Raw data —

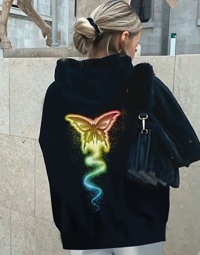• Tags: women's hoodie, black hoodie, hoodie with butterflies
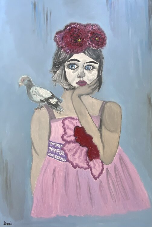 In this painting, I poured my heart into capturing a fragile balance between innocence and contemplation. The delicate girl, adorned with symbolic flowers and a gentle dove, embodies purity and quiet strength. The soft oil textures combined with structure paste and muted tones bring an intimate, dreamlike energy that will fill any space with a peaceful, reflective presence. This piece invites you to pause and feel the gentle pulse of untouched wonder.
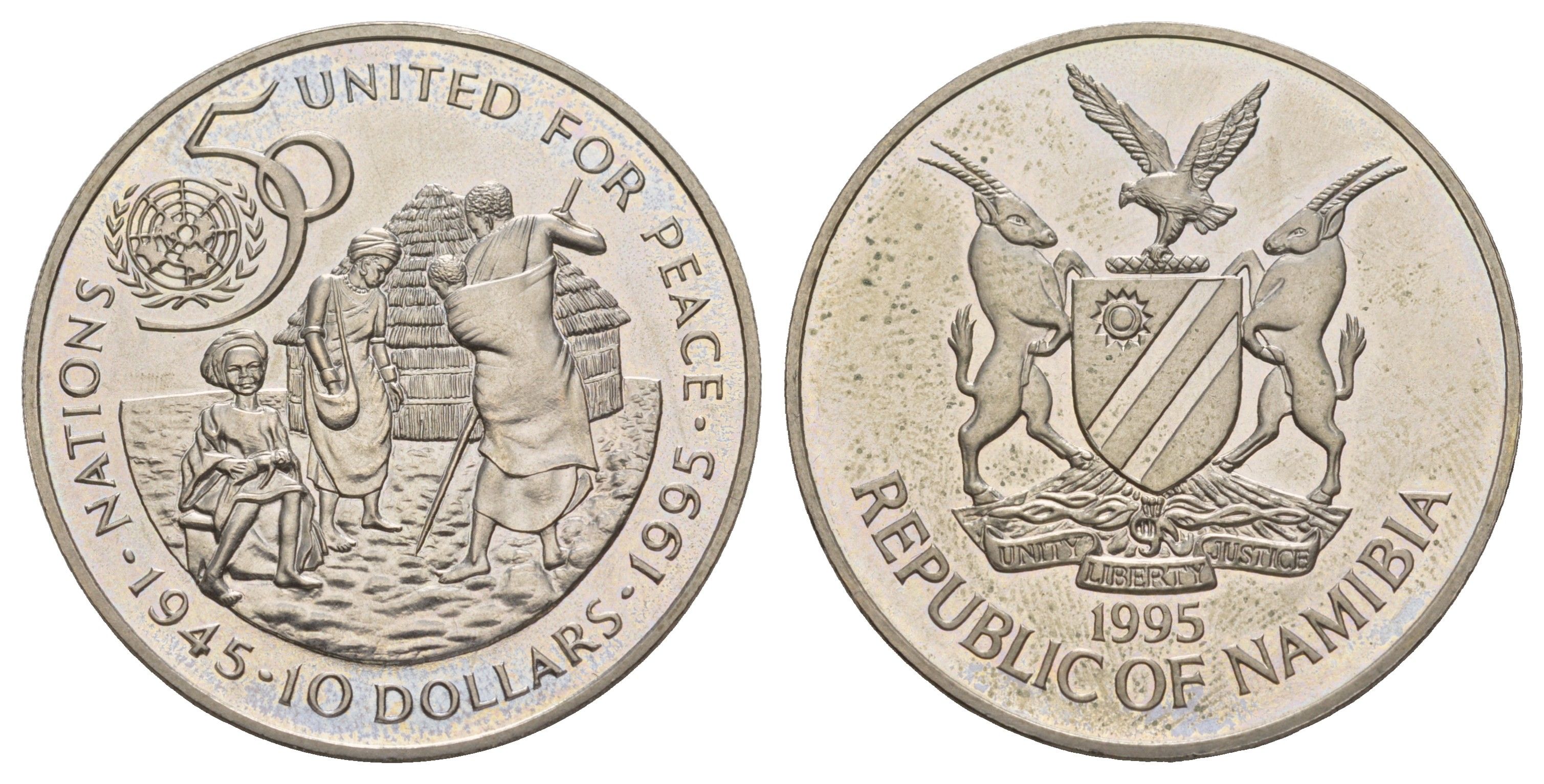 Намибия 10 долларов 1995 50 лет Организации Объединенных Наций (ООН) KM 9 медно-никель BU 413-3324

Task requirements —
Please give all of the material again, exactly, without the images.

Answer to this task —
• Tags: women's hoodie, black hoodie, hoodie with butterflies
 In this painting, I poured my heart into capturing a fragile balance between innocence and contemplation. The delicate girl, adorned with symbolic flowers and a gentle dove, embodies purity and quiet strength. The soft oil textures combined with structure paste and muted tones bring an intimate, dreamlike energy that will fill any space with a peaceful, reflective presence. This piece invites you to pause and feel the gentle pulse of untouched wonder.
 Намибия 10 долларов 1995 50 лет Организации Объединенных Наций (ООН) KM 9 медно-никель BU 413-3324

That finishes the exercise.